BEGIN DATA
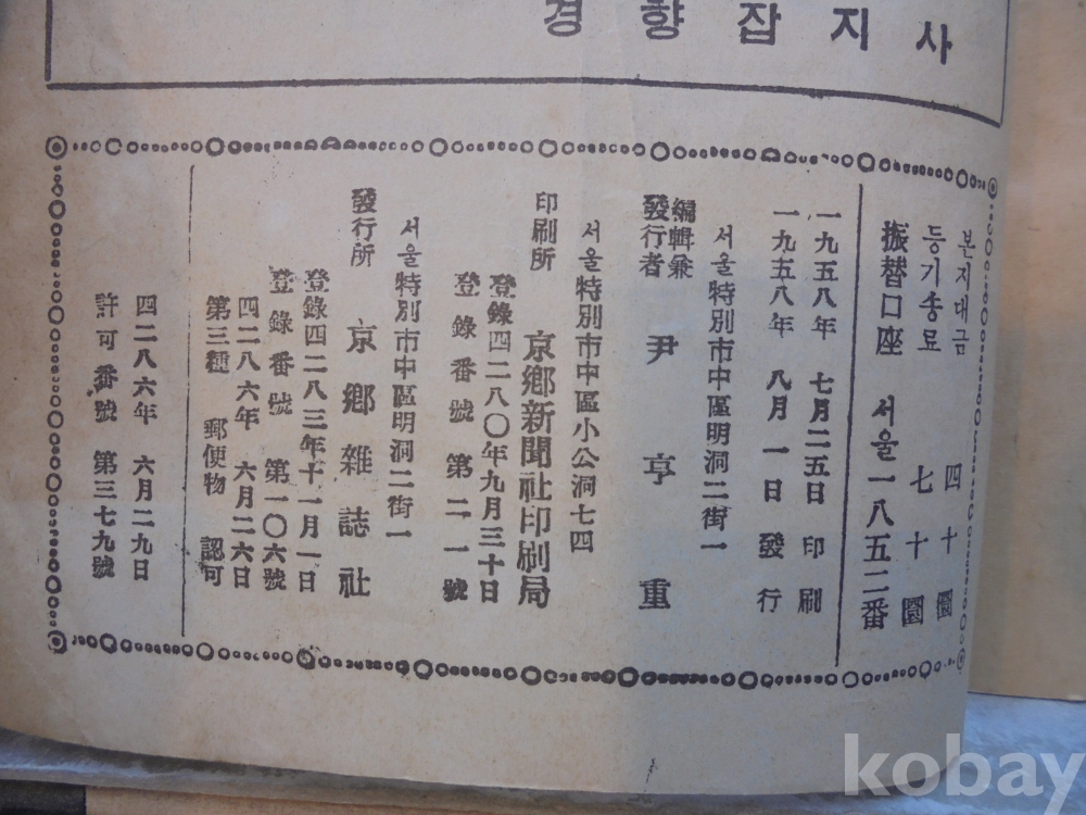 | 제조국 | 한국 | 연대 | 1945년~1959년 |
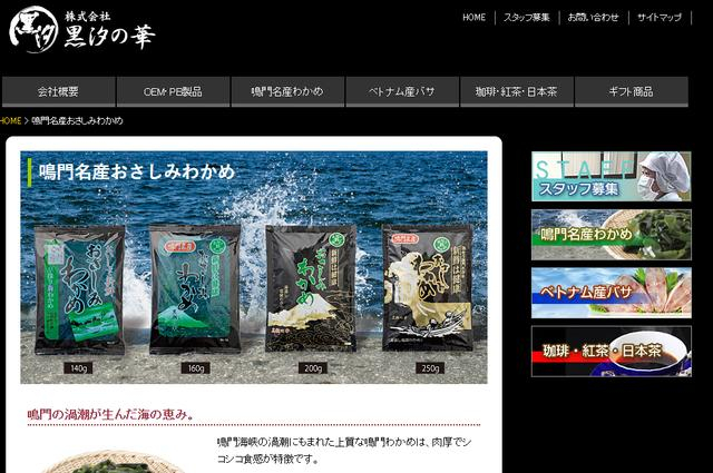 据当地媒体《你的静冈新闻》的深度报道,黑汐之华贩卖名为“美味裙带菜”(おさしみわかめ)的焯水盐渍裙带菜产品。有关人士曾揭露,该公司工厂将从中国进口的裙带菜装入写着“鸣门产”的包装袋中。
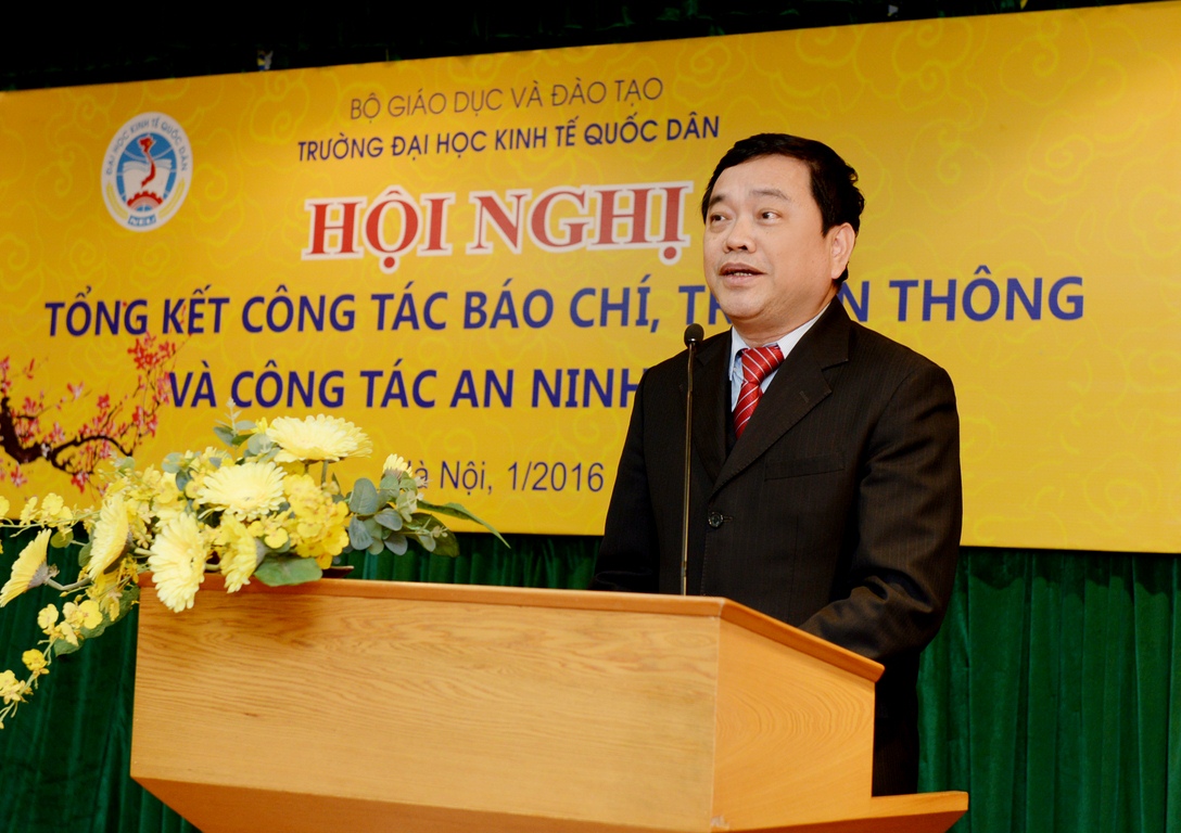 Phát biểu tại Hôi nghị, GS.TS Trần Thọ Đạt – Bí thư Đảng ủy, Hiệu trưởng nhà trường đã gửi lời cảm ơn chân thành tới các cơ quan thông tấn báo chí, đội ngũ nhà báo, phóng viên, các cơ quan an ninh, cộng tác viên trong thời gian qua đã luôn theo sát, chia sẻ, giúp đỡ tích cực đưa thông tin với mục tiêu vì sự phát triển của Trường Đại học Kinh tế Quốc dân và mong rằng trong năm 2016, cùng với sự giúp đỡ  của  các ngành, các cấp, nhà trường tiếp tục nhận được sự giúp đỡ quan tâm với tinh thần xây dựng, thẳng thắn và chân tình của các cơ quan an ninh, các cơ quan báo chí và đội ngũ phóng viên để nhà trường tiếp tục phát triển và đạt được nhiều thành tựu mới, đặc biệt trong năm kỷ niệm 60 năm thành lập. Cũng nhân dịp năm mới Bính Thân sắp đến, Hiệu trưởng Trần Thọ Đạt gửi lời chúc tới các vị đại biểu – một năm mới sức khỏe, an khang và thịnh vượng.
END DATA
BEGIN DATA
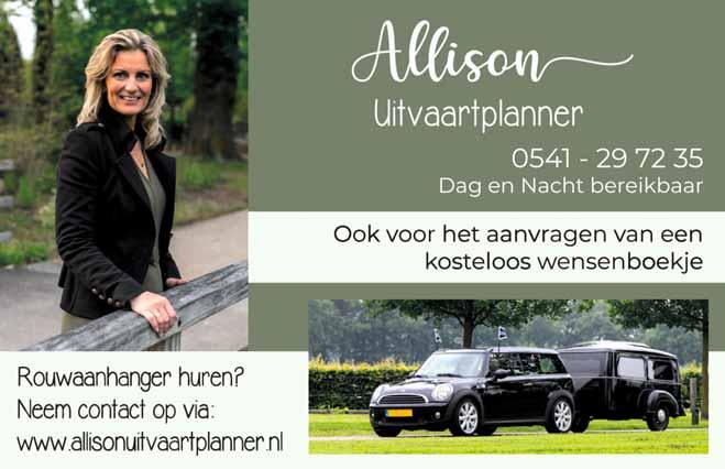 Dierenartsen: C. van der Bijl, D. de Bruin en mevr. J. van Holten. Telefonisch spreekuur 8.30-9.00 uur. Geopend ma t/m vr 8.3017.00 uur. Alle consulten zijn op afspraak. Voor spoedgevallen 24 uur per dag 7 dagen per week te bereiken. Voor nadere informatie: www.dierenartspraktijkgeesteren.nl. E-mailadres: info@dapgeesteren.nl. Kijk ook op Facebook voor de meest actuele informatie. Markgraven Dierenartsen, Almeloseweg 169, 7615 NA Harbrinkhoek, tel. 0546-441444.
END DATA
BEGIN DATA
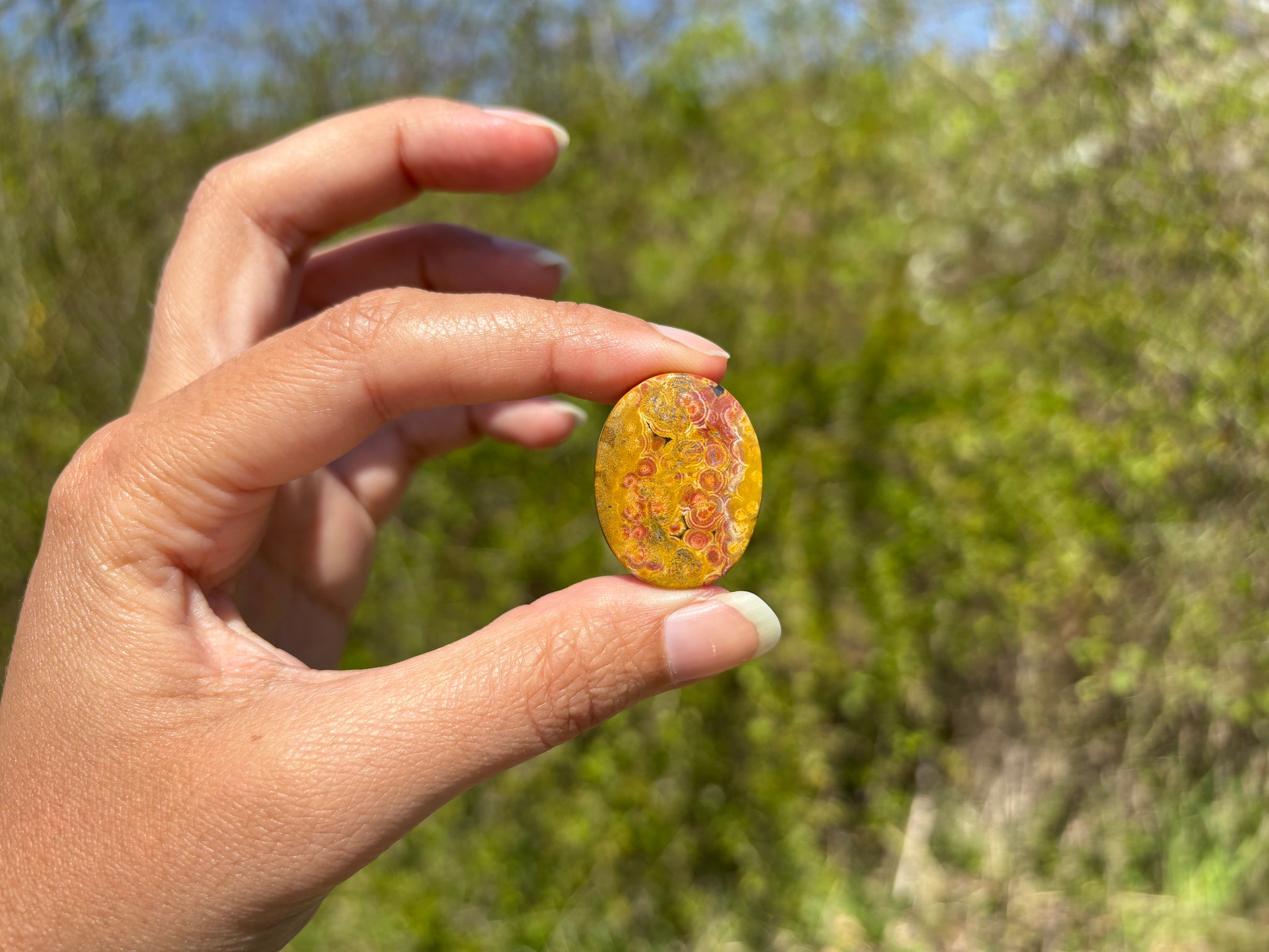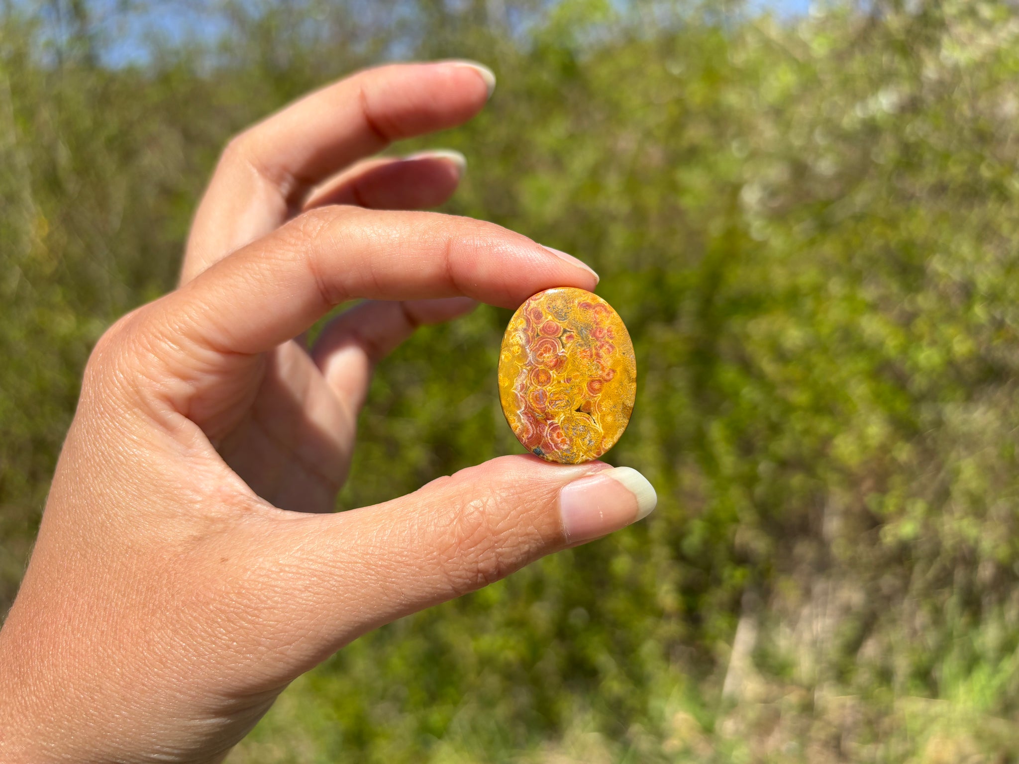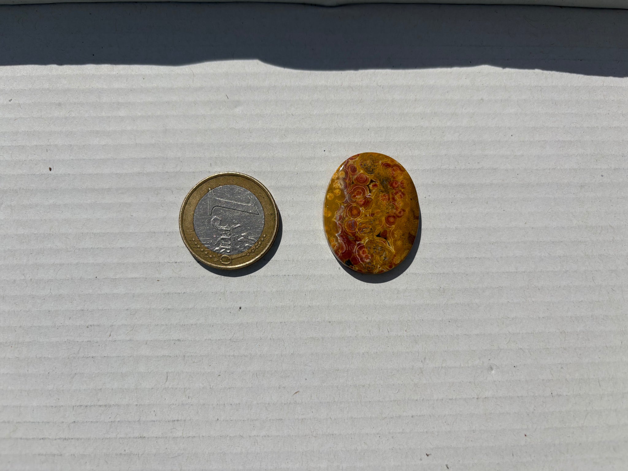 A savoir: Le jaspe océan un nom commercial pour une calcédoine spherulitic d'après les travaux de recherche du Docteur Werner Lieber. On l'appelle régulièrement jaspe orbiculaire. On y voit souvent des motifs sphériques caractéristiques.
END DATA
Every line above from the one with "연대 | 1945년~1959년 |" down to the one with "据当地媒体《你的静冈新闻》的" must be written out exactly, and no picture may appear.

> [EXERCISE SOLUTION]:
 | 제조국 | 한국 | 연대 | 1945년~1959년 |
 据当地媒体《你的静冈新闻》的深度报道,黑汐之华贩卖名为“美味裙带菜”(おさしみわかめ)的焯水盐渍裙带菜产品。有关人士曾揭露,该公司工厂将从中国进口的裙带菜装入写着“鸣门产”的包装袋中。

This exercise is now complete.